Alexandre Pâmela A, Rodríguez-Ramilo Silvia T, Mach Núria, Reverter Antonio
CSIRO MOSH-Future Science Platform, St Lucia, Queensland, Australia.
CSIRO Agriculture & Food, St Lucia, Queensland, Australia.
J Anim Breed Genet. 2025 Mar;142(2):237-250. doi: 10.1111/jbg.12899. Epub 2024 Sep 4.

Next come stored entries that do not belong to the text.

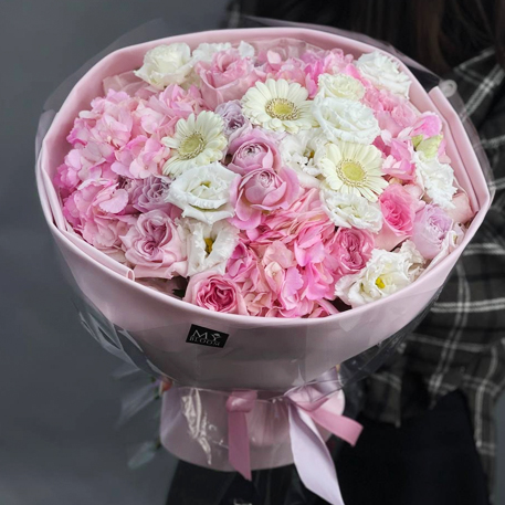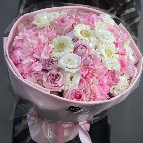Букет "Зефирный" из роз Эквадор, гортензий, гербер, эустом и кустовых роз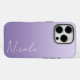 Un coque iphone personnalisé dans un design moderne et doux dégradé violet. La police de script d'écriture à la mode ajoute une touche unique lors de l'ajout de votre nom.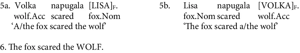 Here and below, CAPS in example sentences indicate the nuclear accent and F represents the focus.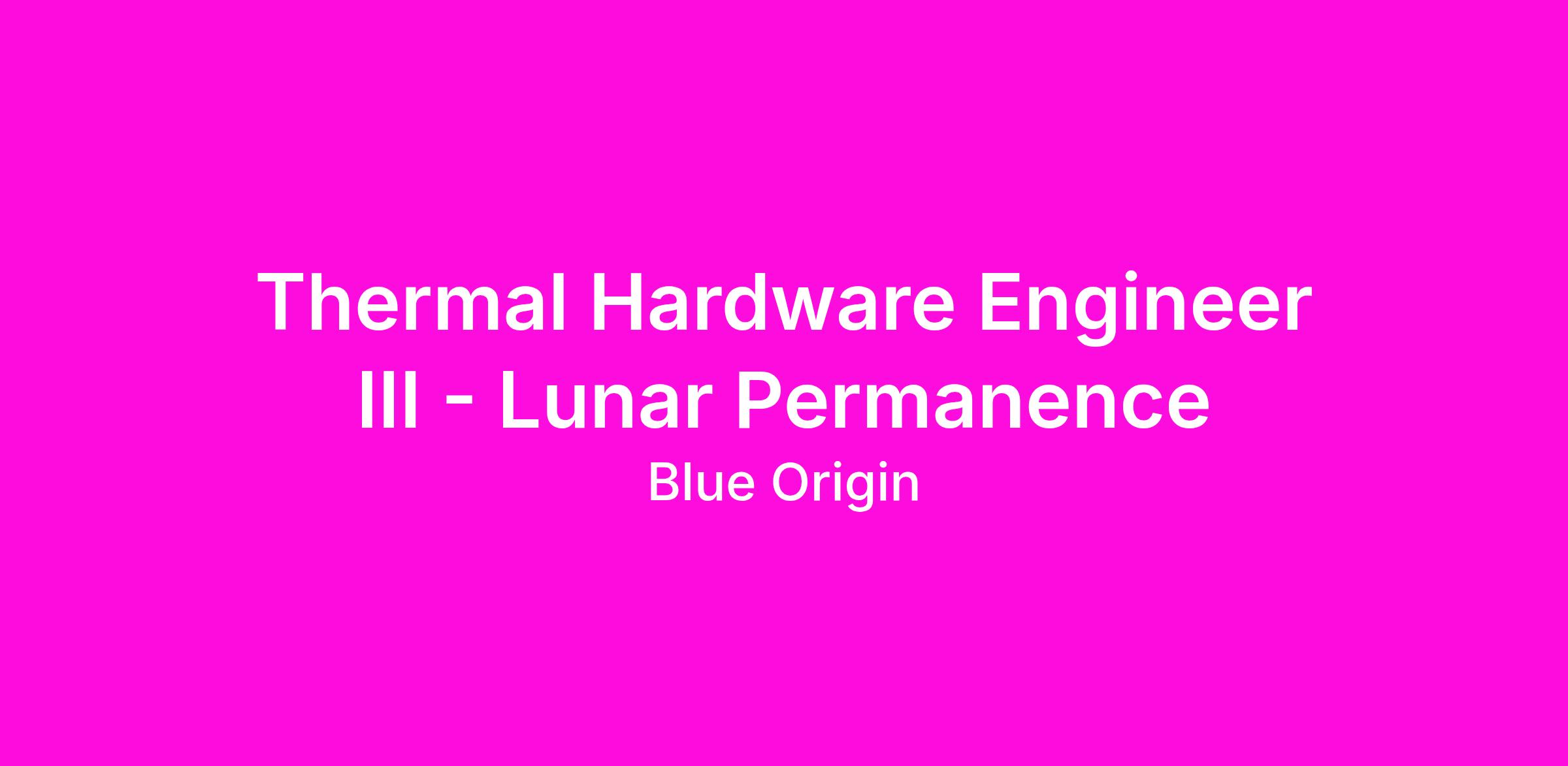 This role is part of the Lunar Permanence business unit, which develops Blue Origin’s Blue Moon landers and related products. To further Blue Origin's mission of millions of people living and working in space for the benefit of Earth, we are building sustainable infrastructure for our transport of crew and cargo from Earth to the lunar surface.As part of a hardworking team of engineers, you will contribute to the definition and development of spacecraft thermal control systems. You should be comfortable working in a fast-paced and often uncertain environment, contributing to innovative solutions, while demonstrating personal leadership, technical competence, and attention to detail. You will work directly with NASA and our National Team Partners as part of the Human Landing System (HLS) Sustaining Lunar Development (SLD) program. You will play a key role in developing the system that will return humans to the Moon.

Commercial livestock producers need to prioritize genetic progress for health and efficiency traits to address productivity, welfare, and environmental concerns but face challenges due to limited pedigree information in extensive multi-sire breeding scenarios. Utilizing pooled DNA for genotyping and integrating seminal microbiome information into genomic models could enhance predictions of male fertility traits, thus addressing complexities in reproductive performance and inbreeding effects. Using the Angus Australia database comprising genotypes and pedigree data for 78,555 animals, we simulated percentage of normal sperm (PNS) and prolificacy of sires, resulting in 713 sires and 27,557 progeny in the final dataset. Publicly available microbiome data from 45 bulls was used to simulate data for the 713 sires. By incorporating both genomic and microbiome information our models were able to explain a larger proportion of phenotypic variation in both PNS (0.94) and prolificacy (0.56) compared to models using a single data source (e.g., 0.36 and 0.41, respectively, using only genomic information). Additionally, models containing both genomic and microbiome data revealed larger phenotypic differences between animals in the top and bottom quartile of predictions, indicating potential for improved productivity and sustainability in livestock farming systems. Inbreeding depression was observed to affect fertility traits, which makes the incorporation of microbiome information on the prediction of fertility traits even more actionable. Crucially, our inferences demonstrate the potential of the semen microbiome to contribute to the improvement of fertility traits in cattle and pave the way for the development of targeted microbiome interventions to improve reproductive performance in livestock.
商业家畜养殖者需要将健康和效率性状的遗传进展作为优先事项,以应对生产力、福利和环境方面的问题,但在广泛的多父本繁殖场景中,由于系谱信息有限,他们面临着挑战。利用混合DNA进行基因分型,并将精液微生物组信息整合到基因组模型中,可以提高对雄性生育性状的预测,从而解决繁殖性能和近亲繁殖效应方面的复杂性。利用澳大利亚安格斯数据库,该数据库包含78555只动物的基因型和系谱数据,我们模拟了正常精子百分比(PNS)和种公牛的繁殖力,最终数据集中有713头种公牛和27557头后代。来自45头公牛的公开可用微生物组数据被用于为这713头种公牛模拟数据。通过整合基因组和微生物组信息,我们的模型能够解释PNS(0.94)和繁殖力(0.56)中比使用单一数据源的模型更大比例的表型变异(例如,仅使用基因组信息时分别为0.36和0.41)。此外,包含基因组和微生物组数据的模型显示,在预测的前四分位数和后四分位数的动物之间存在更大的表型差异,这表明在畜牧养殖系统中提高生产力和可持续性的潜力。观察到近亲繁殖衰退会影响生育性状,这使得将微生物组信息纳入生育性状预测变得更加可行。至关重要的是,我们的推断证明了精液微生物组有助于改善牛的生育性状的潜力,并为开发针对性的微生物组干预措施以提高家畜繁殖性能铺平了道路。